Fig. 5.. Monkey pharmacokinetics of AM1-15 DAR4 and purified DAR2 and modification of drug-linker for solubility enable the utility of semipermeable inhibitor 11 in the context of drug-like ADC AM1-25.

(A) AM1-15 (broad DAR4) and AM1-15 DAR2 show linear pharmacokinetics in monkeys, and DAR purification to 2 reduces free payload in circulation. (B) Components of intact drug-linker 15 and aggregation profile of corresponding DAR4 AM1-15 ADC in pH 7.4 buffer as determined by SEC. VC, valine-citrulline; MC, maleimidocaproyl. (C) Components of enabling drug-linker 25 including solubilized para-aminobenzyloxy (p-ABO) spacer, valine-alanine (VA) dipeptide trigger unit and solubilized antibody attachment unit, and aggregation profile of corresponding DAR4 AM1-15 ADC in pH 7.4 buffer as determined by SEC.

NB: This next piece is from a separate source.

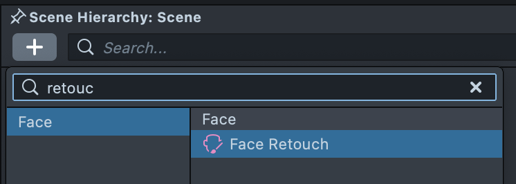 To create a Face Retouch effect, first click the "+" button in the Scene Hierarchy panel. Then, select Face Retouch. Once added, you should see a new Face Retouch object in your Scene Hierarchy panel.
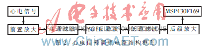 心电信号调理电路是本系统的重要环节之一,主要由前置放大、高通滤波、50 Hz陷波、低通滤波和后级放大电路组成,如图2所示。因为体表ECG心电仪一般只有0.05 mV~5 mV,具有微弱和易受干扰等特点, 因此,采用高输入阻抗、高共模抑制比的差分放大电路进行前置放大,以增大输入阻抗、减少共模信号干扰;带通滤波电路主要由高通滤波器和低通滤波器组成,通频带为0.5 Hz~100 Hz,滤除心电频率范围以外的干扰信号;50 Hz 陷波处理器滤除工频干扰;后级放大器将ECG信号进一步放大100倍左右到合适范围,然后输出到核心控制器MSP430F169的A/D模块。

Fig. 6.. AM1-25 inhibits tumor growth in vivo and exhibits linear pharmacokinetics in monkeys.

(A and B) The volume of subcutaneous tumors was plotted as a function of the time after tumor inoculation. SCID/bg mice with a subcutaneous tumor of approximately 200 mm³ were treated with docetaxel, huIgG, AM1, AM1-25, or AM1-15 (open symbols) or a combination of AM1-25 or AM1-15 with docetaxel (closed symbols). The numbers in the legend between parentheses indicates the dose levels (in milligrams per kilogram). Treatment started at day 10 after tumor inoculation. Conjugates and antibody were intraperitoneally administered at a Q7D×2 regimen. Docetaxel was administered intravenously at 7.5 mg/kg (QDx1). Each point of a curve represents the arithmetic mean of the volumes of eight tumors. Error bars depict the SEM. The inset shows EGFR expression of a xenograft as revealed by IHC for H1650 (A) and EBC-1 (B). Concentration-time profiles of TAb, conjugated antibody (ADC), and unconjugated payload following two intravenous doses (10 or 30 mg/kg) of AM1-25 (C), or AM1-15 (D) 3 weeks apart in cynomolgus monkeys. Data are presented as means ± SD (N = 3).